In this vein, I need to qualify the above observations about far-right representation. There's another country in Europe that doesn't have this in its national legislature and it is Scotland. Will this be enough to ditch this nonsense about voting systems? Greater variables are at play. We have PR yet no BNP. Amongst the reasons for this is because the BNP are, despite their name, a fundamentally English phenomenon. But what if this were not so - ditch PR? No, no - ask yourself: what do you want your voting system to do - then leave it at that. There are other ways of dealing with the far-right and here I find myself in disagreement with Mike Ion as well as Chris. Address the problems of the working class because it is a matter of good policy, of justice, but fuck the BNP. Hasn't history taught us that fascists have moveable grievances that take on a momentum of their own and have little connection with their supposed original 'causes'?

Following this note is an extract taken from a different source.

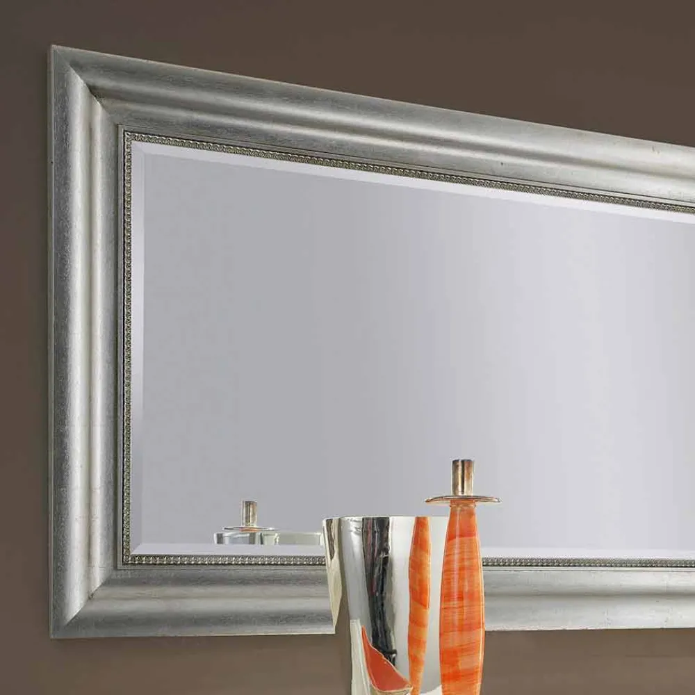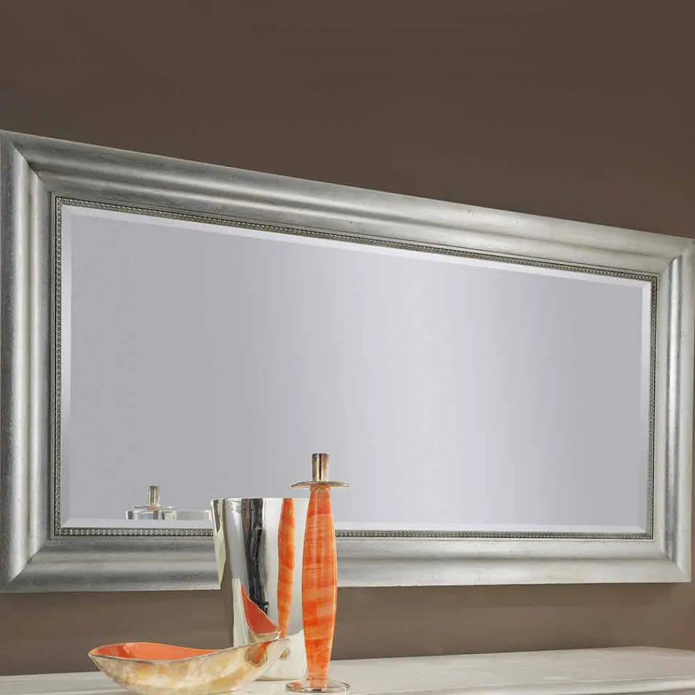 Handgefertigter Wandspiegel aus Gold und Silber aus Holz, hergestellt in Italien

Here I find my liberalism stretches only so far as to give them enough rope to hang themselves. Should this fail they should be crushed without pity. You can complain that this is undemocratic and illiberal if you like but understand this: remembering that the concept of 'enemies of the state' has sinister precedents shouldn't blind us to the fact that the state does indeed have enemies - and that history teaches us liberty folds when it has delegitimized the means by which it must defend itself. Or to understate it another way: one should be parsimonious with the freedom we allow those who would extend it to no-one but themselves.